The Knesset voted a controversial law on Monday, dubbed the Transparency Bill, which obliges NGOs that receive funding from abroad to declare and publish their sources of income in all dealings with officials as well as on all types of media.

The bill, heavily criticized as a tool modeled to target human rights organizations in the country, especially those advocating for Palestinian rights, was passed after a lengthy debate that divided the parliament.

Prime Minister Netanyahu gave assurances that the objective of the law is “to prevent an absurd situation, in which foreign states meddle in Israel’s internal affairs by funding NGOs, without the Israeli public being aware of it.” He tried to downplay criticisms against the law claiming that it will “increase transparency, contribute to creating a discourse that reflects the Israeli public opinion, and will strengthen democracy.”

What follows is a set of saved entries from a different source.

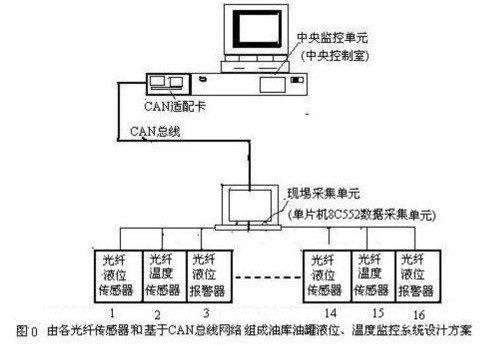 光纖傳感器與基于CAN總線網(wǎng)絡(luò)組成的油庫油罐的液位、溫度信號實時監(jiān)測系統(tǒng)設(shè)計方案
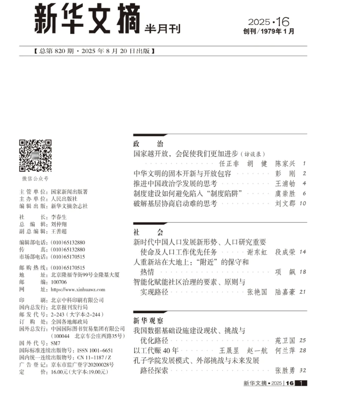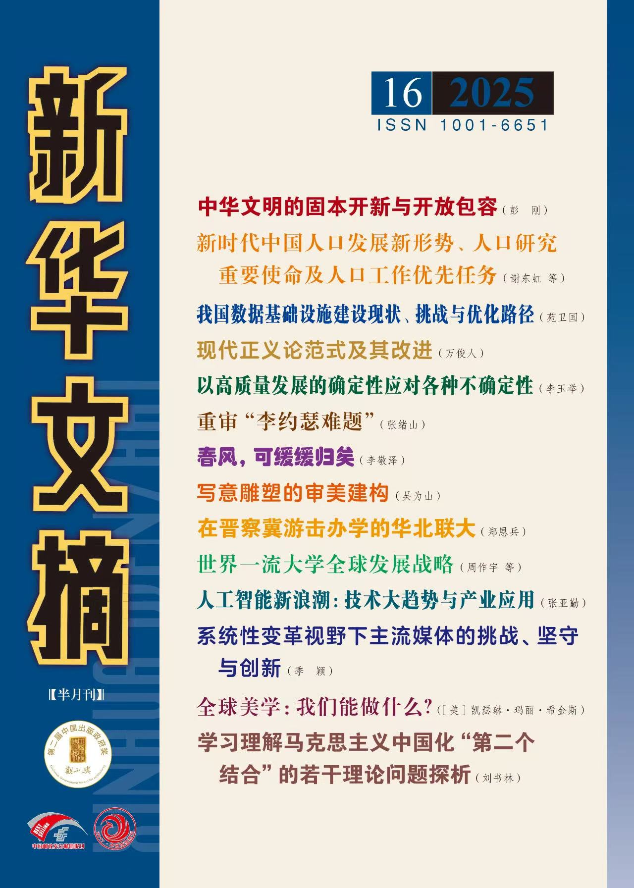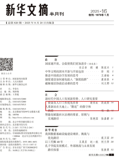 近日,304永利集团官网入口谢东虹助理研究员发表于《人口研究》2025年第2期的《新时代中国人口发展新形势、人口研究重要使命及人口工作优先任务》一文被《新华文摘》2025年第16期作为封面文章全文转载。
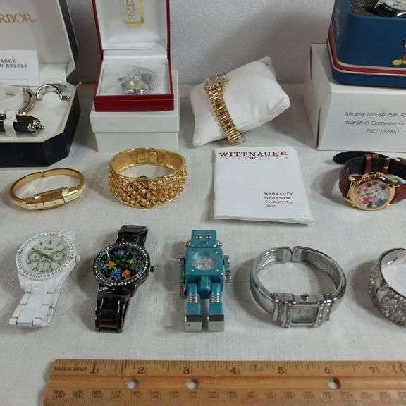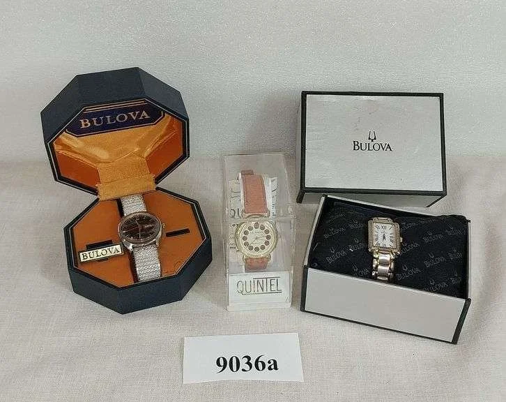9036a Bulova men's watch in box, Bulova ladies watch in box, Quintel Le Watch in case

The European Union last month warned that the law is “discriminatory” and threatened “Israel’s democratic foundation and international standing.”

Issac Herzog, head of the Israeli opposition, lamented that the law draws Israel back to the days of Benito Mussolini in Italy saying it is “indicative, more than anything, of the budding fascism creeping into Israeli society.” Head of the Arab Joint List Ayman Odeh said the law sought to “intimidate and wipe away the few organizations that act and fight in the public sphere for equality to the Arab public.”

Around 25 NGOs are expected to be affected by the law when it is enacted. Peace Now has vowed to take the matter to the high court because it expressly violates freedom of expression and is “tailored specifically to target only peace and human rights organizations” in order to divert public debate and shelter government policies from scrutiny.

Left-wing NGOs are much more concerned about the law because most of their funds are from state institutions contrary to right-wing NGOs dependent largely on private funding.